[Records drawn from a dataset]
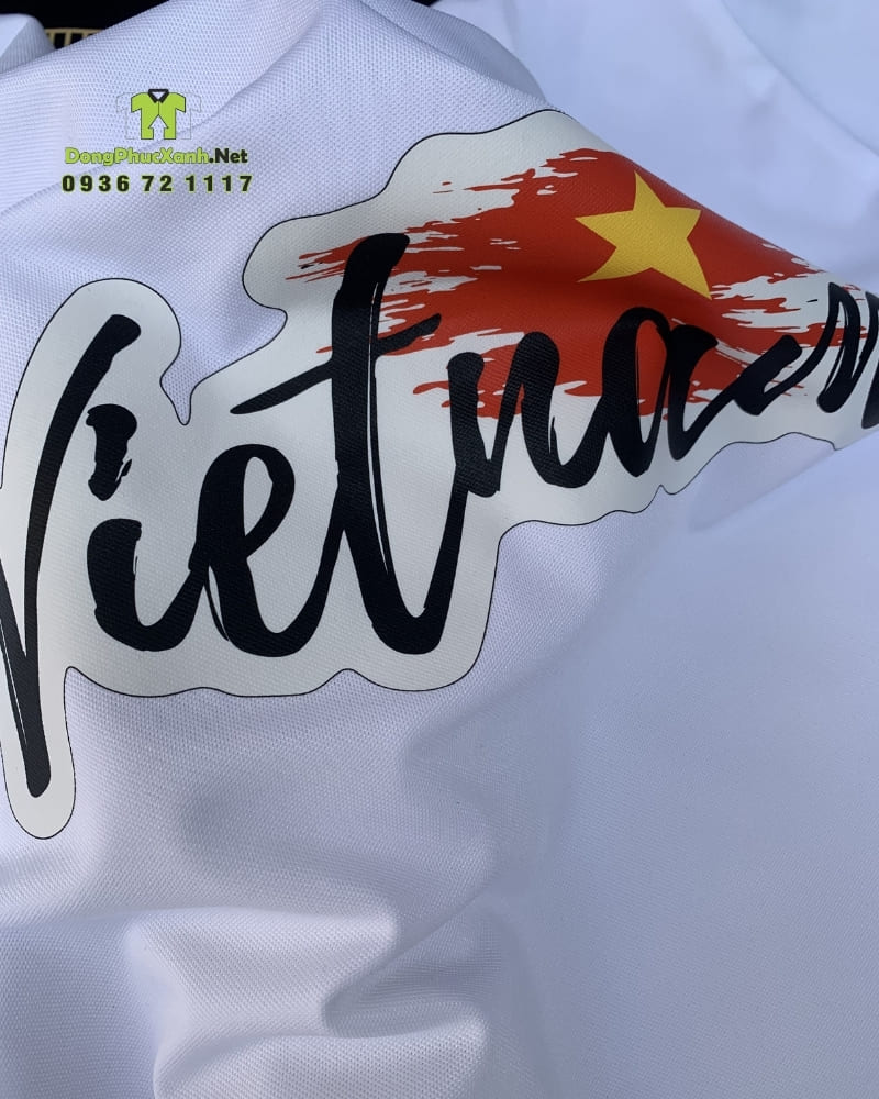 - Mực in: Sử dụng công nghệ in kỹ thuật số hoặc in lụa cao cấp, đảm bảo hình in chữ “Việt Nam” và ngôi sao vàng sắc nét, màu sắc tươi sáng, không bị bong tróc hay nứt vỡ khi co giãn vải.
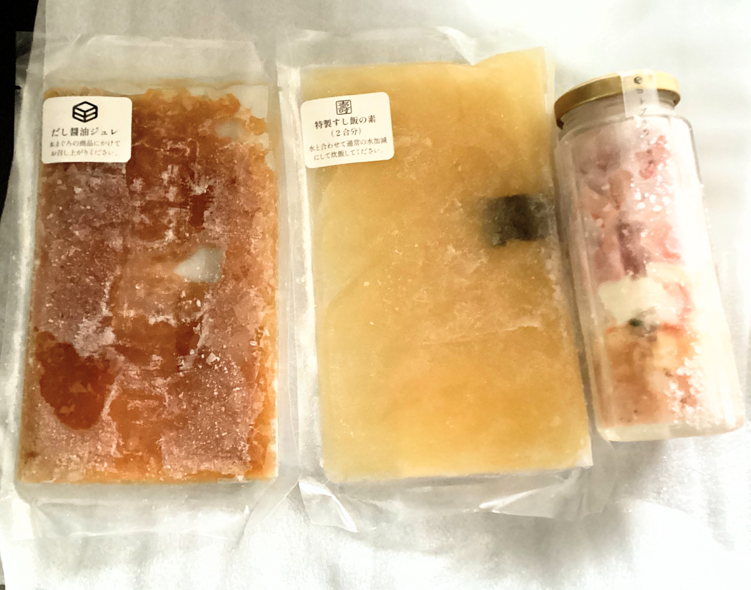 海鮮丼の具は1時間半で、すし飯の素と和だしジュレは10分で解凍できます。
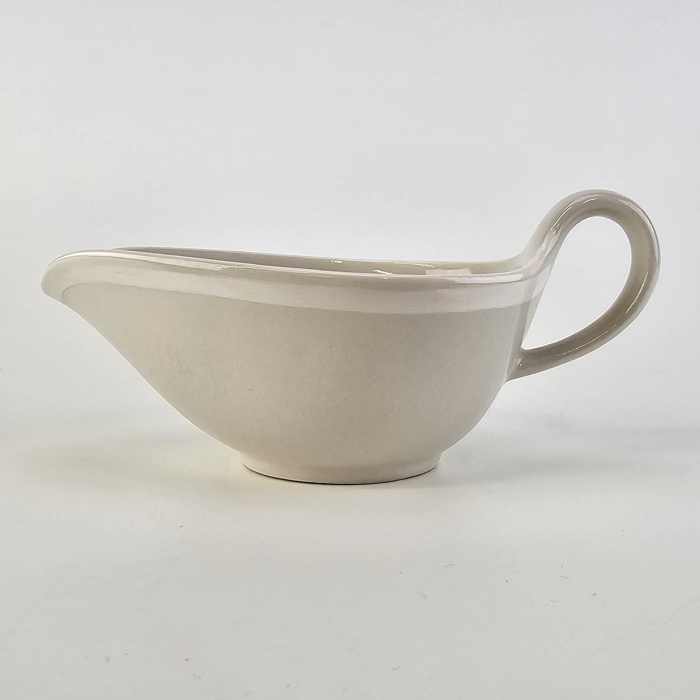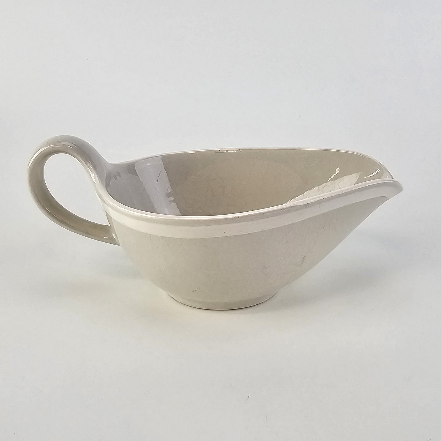 Dorrit er stel lavet på stelform D i cremefarvet fajance dekoreret med bred hvid stribe
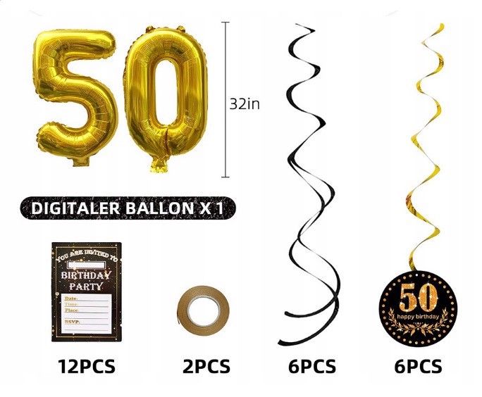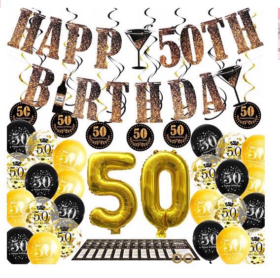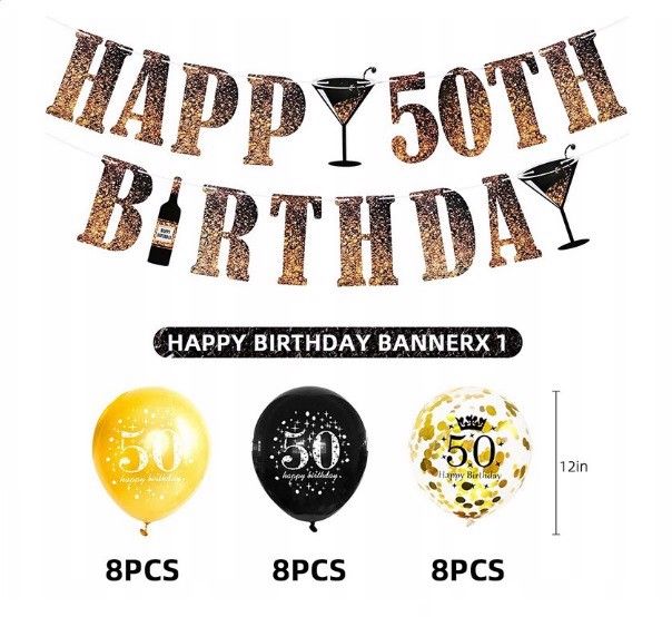 Zestaw balonow dekoracjo 50 urodziny czarno zote
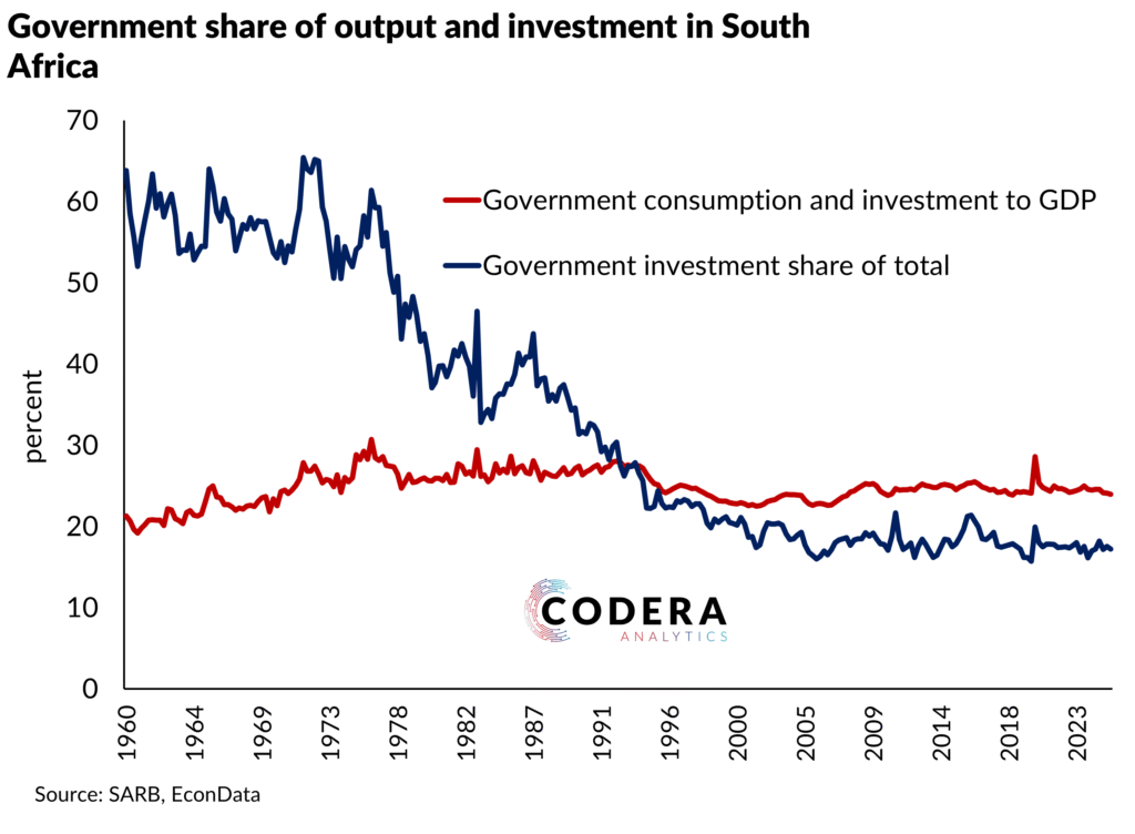 The share of government investment in SA has fallen substantially over recent decades. However, the size of government, as measured by government’s contribution to consumption has risen strongly over the same period.
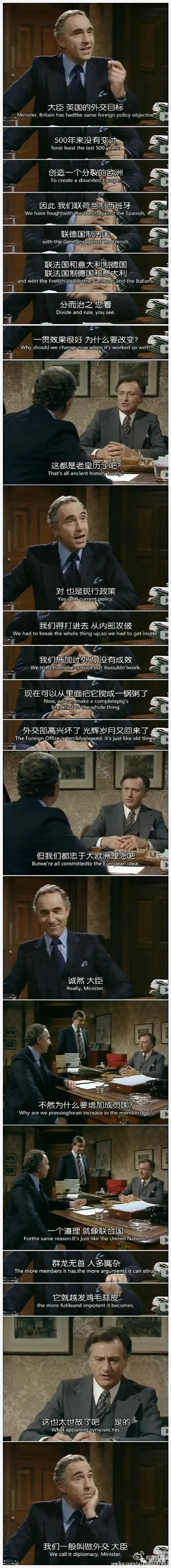 其中最經典的,莫過於英國紳士自黑神劇《是的,大臣》,黑貓強烈推薦,這部神劇誕生的時候,帶英帝國還沒有今天那麼弱雞,而蘇聯也還在,許多段子令人拍案叫絕。
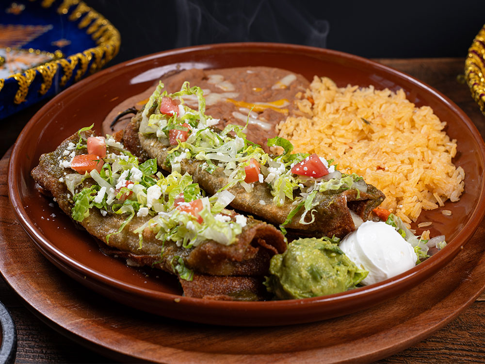 Two roasted Anaheim peppers stuffed with Monterey cheese and wrapped in a egg roll, topped with green tomatillo sauce, lettuce, tomato and queso fresco. Served with rice, beans, guacamole and sour cream.
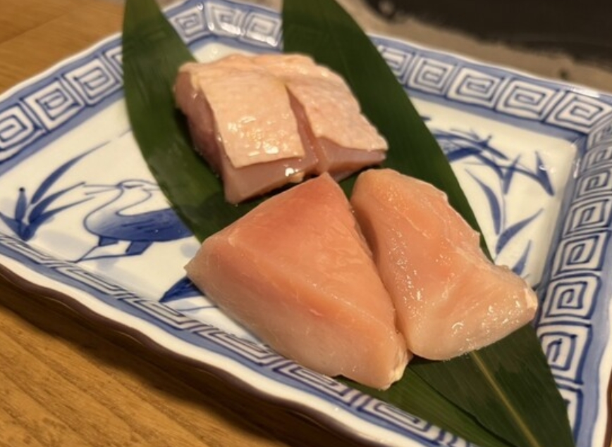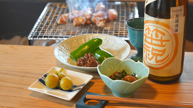 仕入れた後に店内で丁寧に捌いている新鮮な「博多地鶏」は、ぜひ食べて欲しいこだわりの食材。火入れ済みの料理ではなく、囲炉裏の炭火を使いお客様自身で焼いた焼き立てをお楽しみいただけます。選べる味付けは、自家製のたれ・自家製のハーブスパイス・油谷産の高級塩をご用意。地元の味噌を塗ってご提供する「田楽」もご一緒にどうぞ。
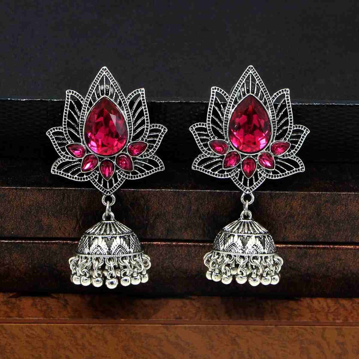 Big Size Lotus Design Purple Crystal Earring
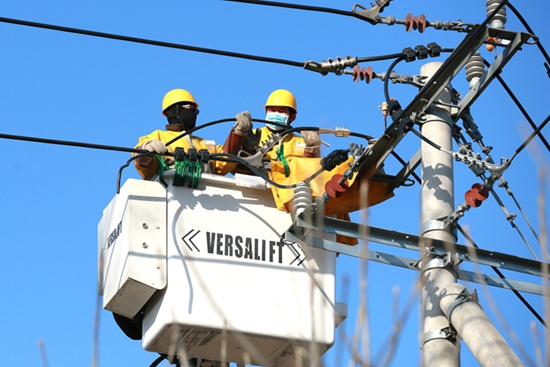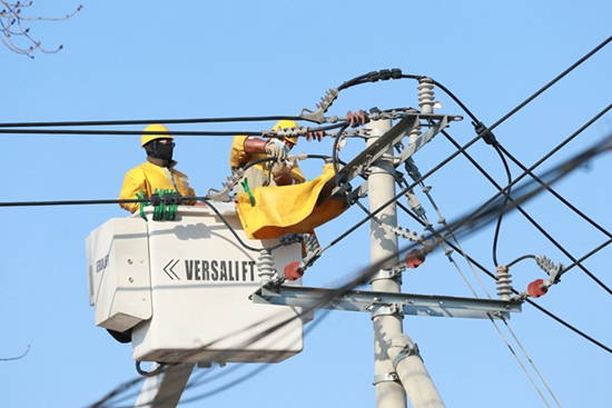 中國(guó)電力網(wǎng)訊 12月15日,氣溫降至零下8攝氏度,在濰坊壽光市北洛工業(yè)園區(qū),國(guó)網(wǎng)壽光市供電公司光明服務(wù)公司工程五隊(duì)帶電作業(yè)人員冒著刺骨的寒風(fēng)對(duì)10千伏鄉(xiāng)直線臨澤支線041號(hào)桿進(jìn)行帶電接火作業(yè),及時(shí)滿足客戶用電需求,為冬季園區(qū)企業(yè)和居民安全可靠用電提供保障。
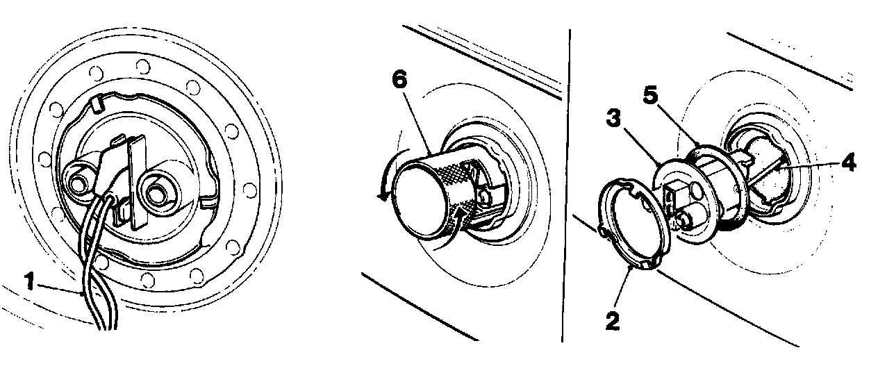 - Pull fuel gauge tank unit (3) approximately two inches out of the tank and turn 90° clockwise.
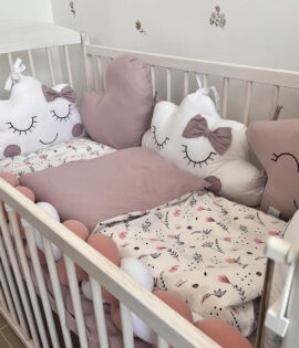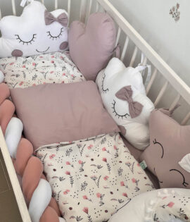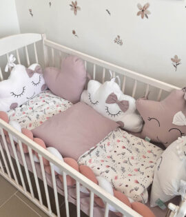 Posteljina i ogradica za krevetac – Puder i cvetići

__Prompt__
Repeat only the lines from the one with "Big Size Lotus Design Purple Crystal Earring" through the end of the data, both included and exactly as written. Pictures stay out of the copy.

__The answer__
 Big Size Lotus Design Purple Crystal Earring
 中國(guó)電力網(wǎng)訊 12月15日,氣溫降至零下8攝氏度,在濰坊壽光市北洛工業(yè)園區(qū),國(guó)網(wǎng)壽光市供電公司光明服務(wù)公司工程五隊(duì)帶電作業(yè)人員冒著刺骨的寒風(fēng)對(duì)10千伏鄉(xiāng)直線臨澤支線041號(hào)桿進(jìn)行帶電接火作業(yè),及時(shí)滿足客戶用電需求,為冬季園區(qū)企業(yè)和居民安全可靠用電提供保障。
 - Pull fuel gauge tank unit (3) approximately two inches out of the tank and turn 90° clockwise.
 Posteljina i ogradica za krevetac – Puder i cvetići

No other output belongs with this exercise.